§ Source data:
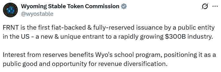 FRNT由七人组成的怀俄明州稳定币委员会设计,面向个人与机构用户开放。州长办公室声明称,该代币由美元及短期美债全额抵押,储备金产生的利息收入将归入州财政。
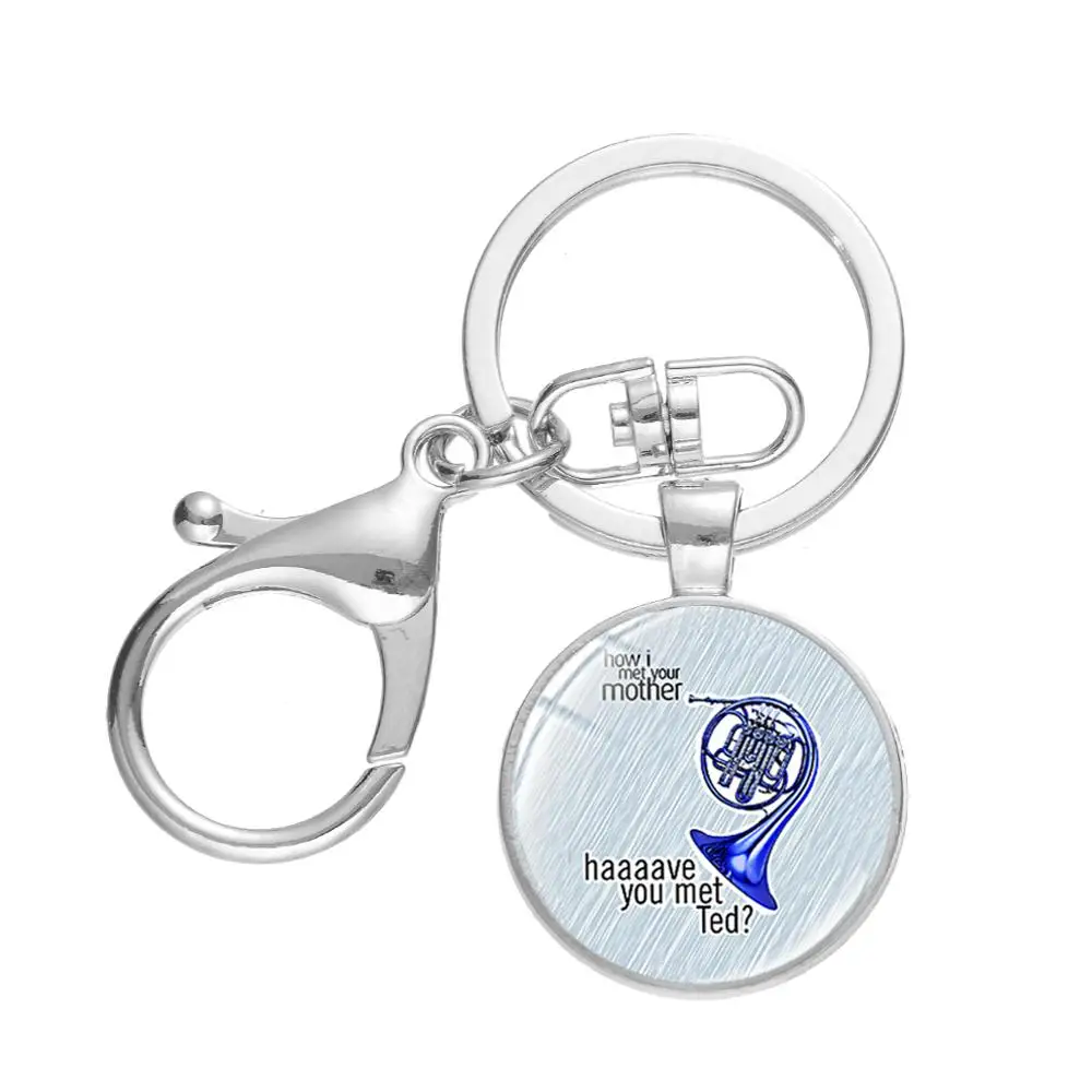 Брелок для ключей HIMYM, желтый зонтик, синий рог, ТВ-шоу, как я встретил вашу маму, с мультяшным узором, стеклянный подвесной брелок
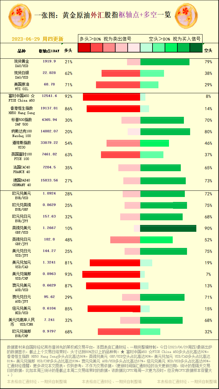 标题:一张图:2023/06/29黄金原油外汇股指"枢纽点+多空占比"一览

§ Aim of the exercise:
Retype the data above verbatim, minus images.

§ Answer for the task:
 FRNT由七人组成的怀俄明州稳定币委员会设计,面向个人与机构用户开放。州长办公室声明称,该代币由美元及短期美债全额抵押,储备金产生的利息收入将归入州财政。
 Брелок для ключей HIMYM, желтый зонтик, синий рог, ТВ-шоу, как я встретил вашу маму, с мультяшным узором, стеклянный подвесной брелок
 标题:一张图:2023/06/29黄金原油外汇股指"枢纽点+多空占比"一览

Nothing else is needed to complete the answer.